Children of Ruin follows the adventure of one of the Human–Portiid vessels that sets out from Kern’s World at the end of Children of Time. It arrives in a system that was the destination of another terraforming project. Through flashbacks, Tchaikovsky tells us the story of this system while the Humans and Portiids—assisted by a copy of the Avrana Kern intelligence—make perilous contact with the inhabitants of this system, who are a form of uplifted and evolved octopus. For, much like on Kern’s World, terraforming this system didn’t go to plan (when does it ever in this universe), yet life tenaciously found a way. The octopus civilization is difficult to converse with, however—the gap between them seems even wider than the one between Humans and Portiids. Meanwhile, an ancient threat—the first alien life to be discovered in this galaxy—awaits them all on the surface of Nod, and perhaps elsewhere.

We like to meditate on the difference between “hard” and “soft” SF. However, maybe the labels should be hard and easy. The latter simply means that the author has decided to dial down the difficulty level of so much related to space travel and life in space for the purposes of a more fanciful story. The former, on the other hand, is less about adherence to science versus a much more granular approach to that science. Children of Ruin is hard in that sense: everyone in this book is playing on hard mode.

Consequently, the majority of this book is people of various species struggling and failing to be understood by one another. It’s frustrating—or it would be, if it weren’t so damn fascinating. Tchaikovksy’s talent, as I noted in my review of the first book, is his imagination. He has clearly spent a lot of time thinking about what it would be like if spiders evolved a society, if octopuses evolved on a water world, etc. What would truly alien life be like? What do you do when you run across it and it wants to go on an adventure with you, but this adventure means potentially losing what makes you you?

Frankenstein is often cited as the first science-fiction novel, and I don’t think it’s a coincidence that it is also a horror story. These two genres are entwined. Though Children of Ruin is not expressly horror in a classical sense, Tchaikovsky plays with many of the horror tropes, right down to an entity reminiscent of John Carpenter’s Thing. This book is a reminder that non-human life, whether it evolves from terrestrial or extraterrestrial stock, is going to feel very alien to us indeed. And even if it isn’t malicious, its simple fact of existing might be anathema to our own existence.

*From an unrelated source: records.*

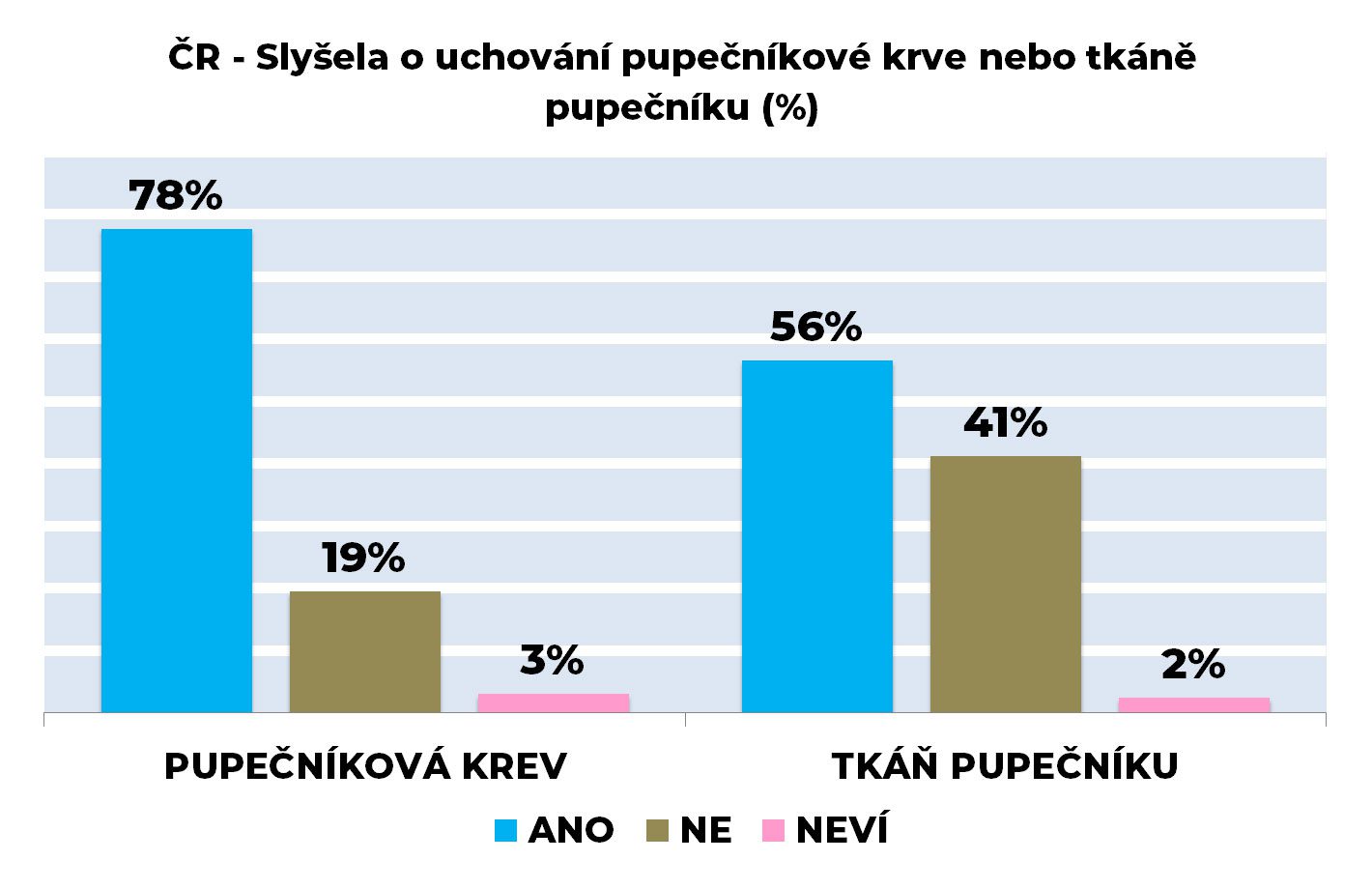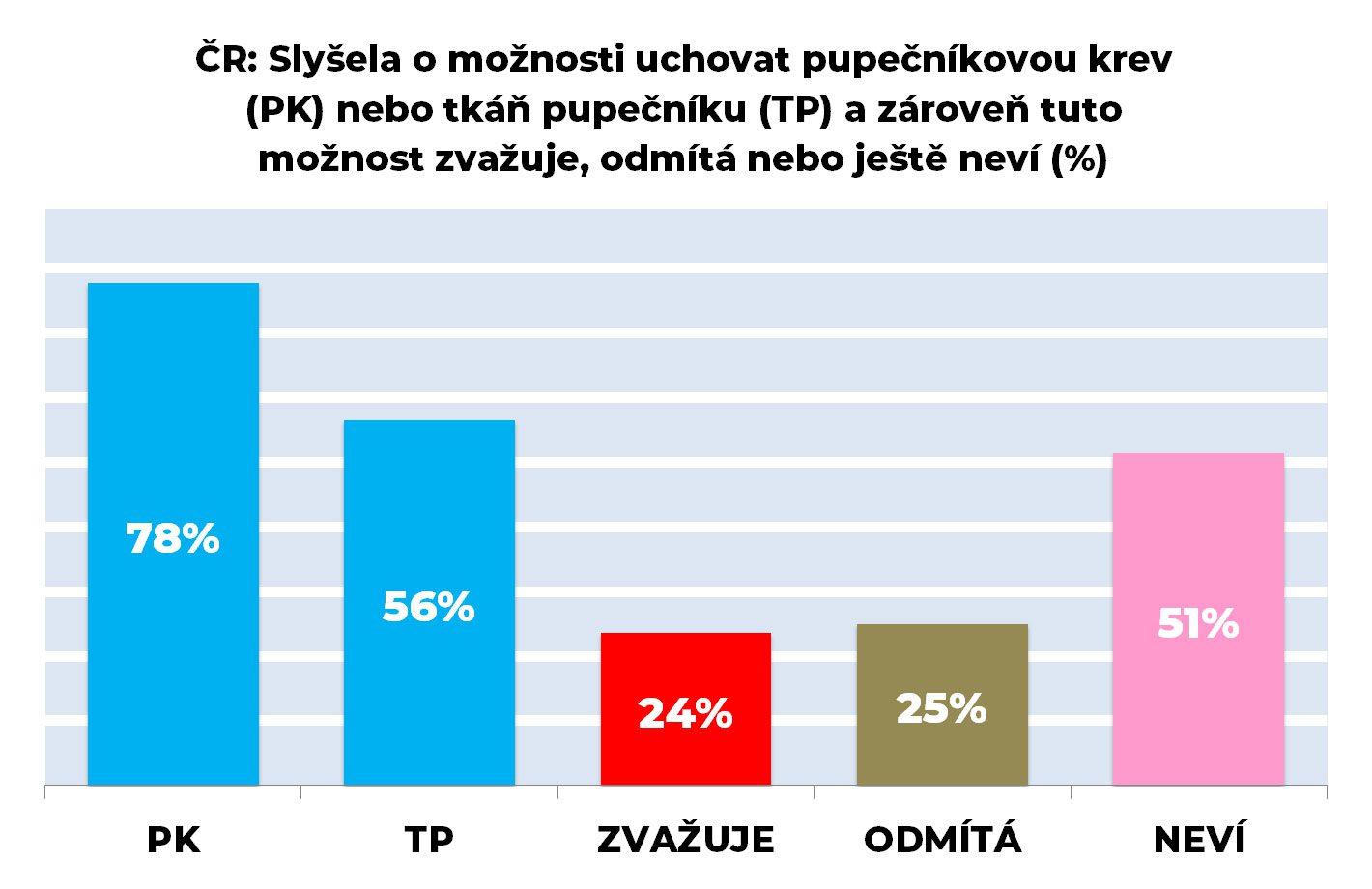 Na otázku, zda maminka slyšela o možnostech uchovat pupečníkovou krev (PK) pro využití při léčbě jejího dítěte, odpovědělo kladně 78 % oslovených, 19 % se vyjádřilo záporně. Na stejnou otázku týkající se tkáně pupečníku (TP), odpovědělo kladně 57 %, 41 % se vyjádřilo záporně. Pouze 2-3 % odpovídalo, že neví.
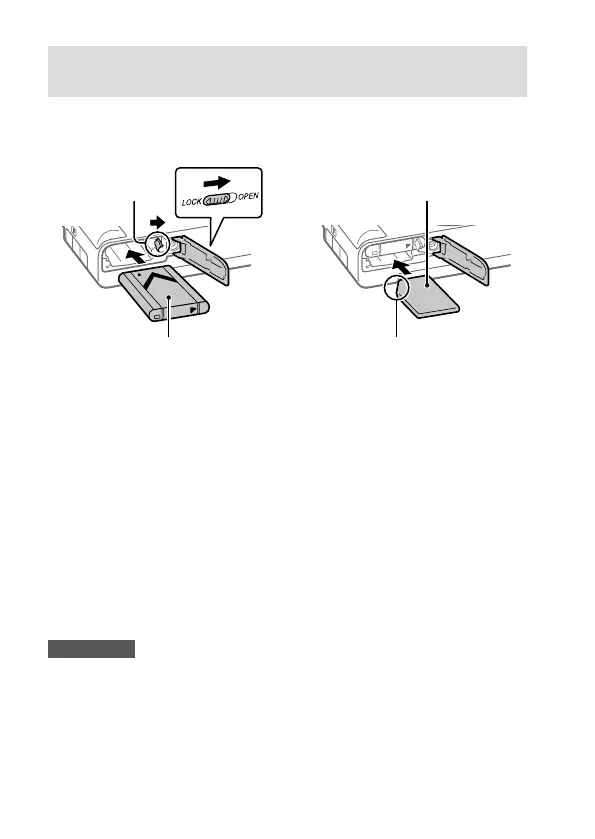 akkumulátort és egy memóriakártyát a fényképezőgépbe. Ezután csukja le
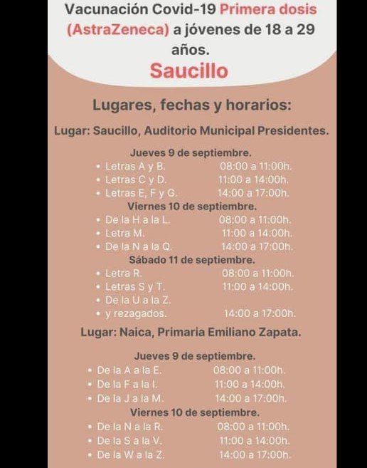 La primera dosis de la vacuna a aplicar a jóvenes de 18 a 29 años y mujeres embarazadas con más de 9 semanas de gestación mayores de 18 años se realizará del jueves al sábado en la cabecera municipal en el Auditorio Presidentes y en el seccional de Naica en la primaria Emiliano Zapata hasta el viernes.

Tchaikovsky asks us to think very differently about what the future might be like. I love books like this, and the thought experiment here is, in my opinion, a very satisfying one to run on the story emulator that is my meat brain.

However, I would be hard pressed to defend this book in terms of the storytelling itself. This is one of those books that is light on dialogue—conversations are sparse throughout the text—and heavy on exposition. I was OK with that because I was into the thought experiment, but I know many others would put the book down upon discovering this—and that’s totally valid. Tchaikovsky’s style here is so information-dense that it almost entirely distracts you from the actual narrative unfolding.

That being said, don’t mistake all this exposition for a lack of characterization. If you do, you’ll miss out. Tchaikovsky carefully develops so many different personalities in this cast: intuitive and determined Helena, adventurous Portia, frustrated and inquisitive Fabian, and especially Kern herself. Each of these characters, and others, brings something to the mix, and I enjoyed spending time with all of them.

So as a result of all this, I really vacillated about my rating. Two stars, because what story is here is stretched tissue thin across the novel? Or do I award Children of Ruin five stars, as I did with Ninefox Gambit, because its overall execution is science fiction in a nutshell? I guess a solid three stars is appropriate, and I hope this review has done its job of adequately evaluating what this book does: push the boundaries of what we might imagine the future to be like in a way that is entertaining, if not consistently so.